Hi all,
I wanted to address that earlier, but I did not yet have the time to do so…
When I bought the last t3n I stumbled about a short article considering the “roadmap” of Neos and Flow.
In this article called “Neustart für Neos” @christianm states that Flow was primarily developed for the purpose of beeing the foundation for Neos, and explicitly not as an independent Framework for developing PHP-Applications.
This is really bothering me since then I have to admit. Me and my partner @saR are currently in the progress of developing a trimmed open-source alternative for tools like mailchimp and campaign monitor.

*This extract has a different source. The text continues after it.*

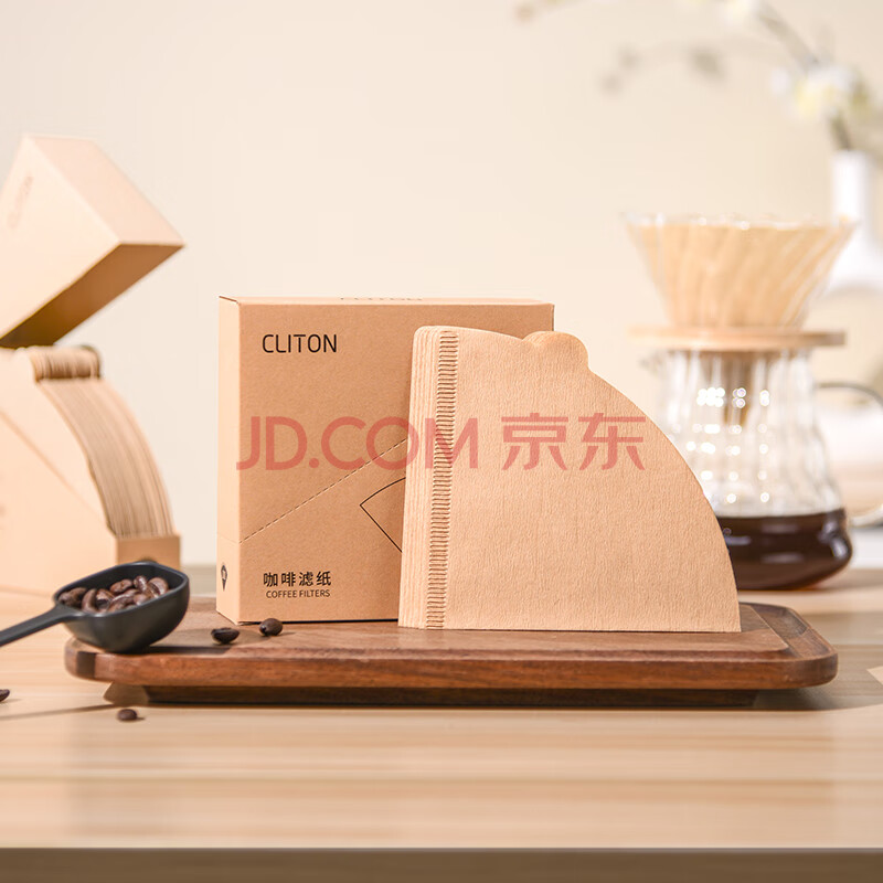商品相册:CLITON咖啡滤纸 原木便携滴漏式手冲咖啡粉过滤网 V型滤杯用滤纸100张第1张/共7

And since Flow always has been advertised as an extremely flexible, secure and easy-to-use Framework for developing scalable enterprise-grade applications, that article really made us think, if we chose the “wrong” tool for what we have in mind.
Of Course, going with (the) flow seemed pretty reasonable, because a lot of paradigms we read about where default features of the Flow Framework and no one can take away the knowledge we gained about DDD, MVC and AOP.
Nevertheless, what I really want to know is:
Should we stick with flow or switch to something like Yii or Laravel?
Since we do have an MVC-based Application here, it wouldn’t be a big problem to switch the framework, since we can move the Domain-Model, Controller, Services and Views in a pretty “straight-forward” way.
If we stick with Flow, should we consider another Framework for our next Projects?
As I learned yesterday it really is a blast working with Flow and Neos Backend-Modules, but I’m pretty sure in a lot of scenarios we might not combine our Flow applications with a Neos site.
And if this tight integration is what the future for Flow brings, we really would like to know that for sure!